To give carbon storage sites the most excellent chance of success, it makes sense to develop them in places where the geology has been thoroughly explored, and there is lots of relevant expertise. This would imply pumping carbon into underground storage sites in northern Europe, the Middle East and the US, where companies have spent centuries looking for and extracting fossil fuels. Storing carbon is roughly the reverse of removing it from the ground, and there is an opportunity for workers in the oil and gas industry to lend their skills and expertise to this endeavour.

On the other hand, it might be essential to develop storage sites in economies where the current and future carbon capture and storage demand is most significant. These competing aims pull in different directions. The regions with the best prospects are not often those with the greatest expected need.

Developing storage sites in economies where the expected demand for carbon capture is highest overwhelmingly favours developing regions of Asia. For instance, in India and China, coal power stations and cement plants are expensive to decommission and will need lots of carbon capture and storage capacity to decarbonise. If developing regions are expected to decarbonise without sufficient support to roll out carbon capture and storage, it could mean they have to throttle development to reduce emissions.

There are no easy answers in this debate.
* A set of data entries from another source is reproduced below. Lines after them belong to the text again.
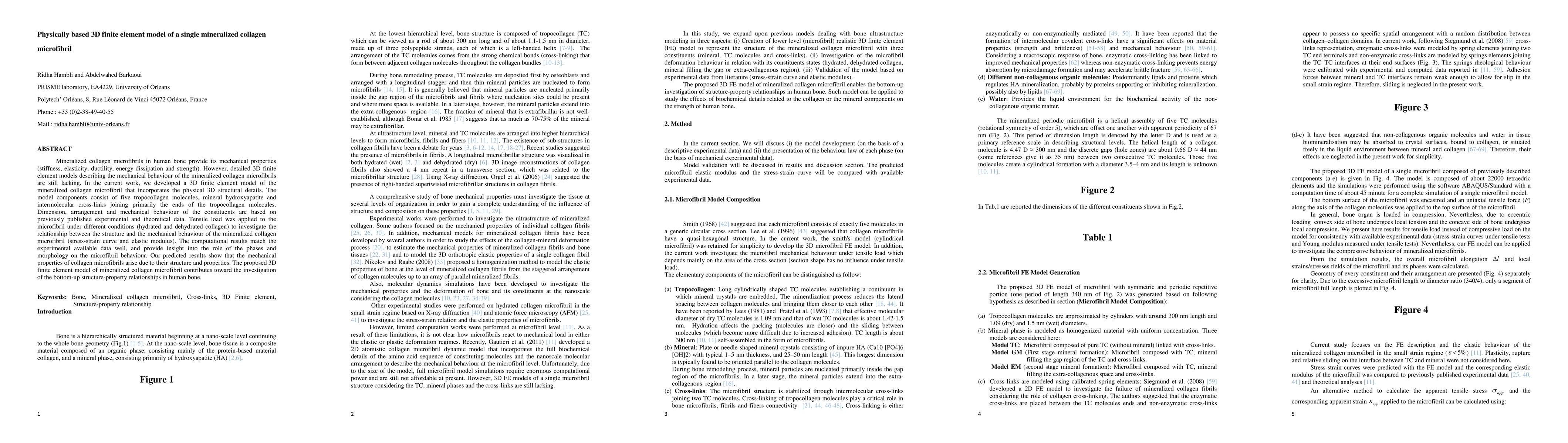 This paper develops a 3D finite element model of a mineralized collagen microfibril, incorporating its physical structure and mechanical behavior. The model's predictions match experimental data, providing insights into how the microfibril's structure influences its mechanical properties.
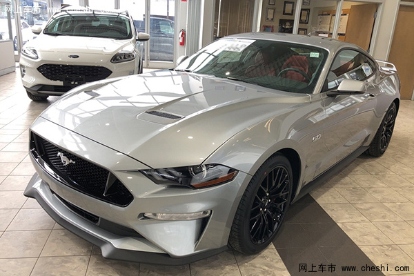 新车外观采用银色涂装,前脸采用“马丁脸”设计,配备经过熏黑处理的蜂网式进气格栅,两则搭配造型狭长的氙气大灯,前保险杠造型激进,两则留有三角形进气通道。同时,新车引擎盖上布置有矩形散热孔,前叶子板处贴有5.0徽章,彰显出该车强大的动力性能。
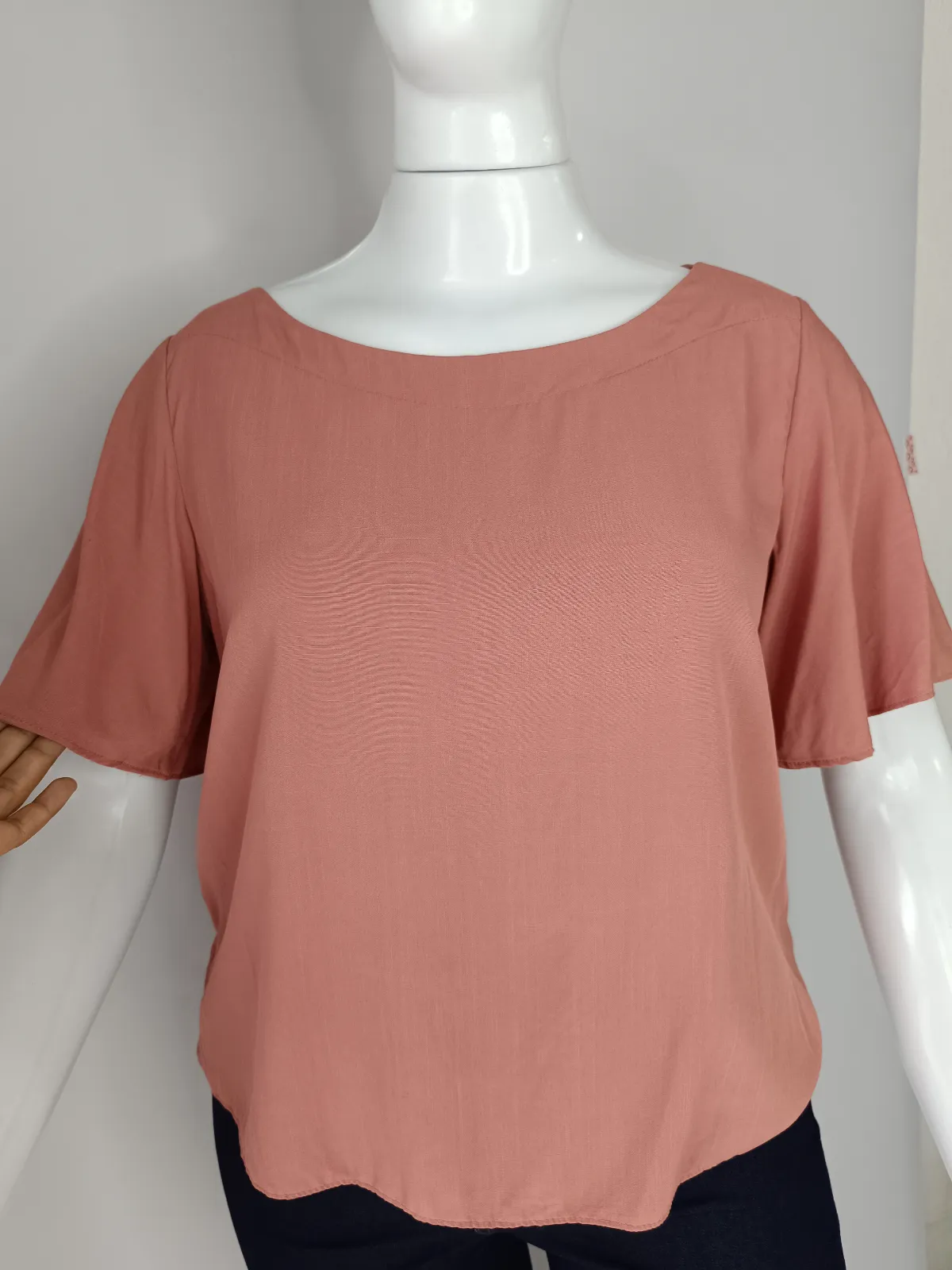 Tam M- blusa com manga TECIDO 100% viscose rosa goiaba liso / codfe397

Increasing carbon capture and storage capacity as quickly as possible could benefit future generations by reducing the severity of climate change. So, you could argue that developing the most promising sites in Europe is the best way forward. But directing investment for storage facilities from wealthy countries to developing regions could help address the debt the former owes the latter for causing the brunt of the climate crisis.

World leaders should recognise this moral dilemma and consider the choices with urgency. The need to remove and safely store carbon becomes more severe by the day. Given the time and costs involved in developing storage sites and the real possibility that the storage sites may not be sufficient for the carbon countries emit, this question cannot be delayed.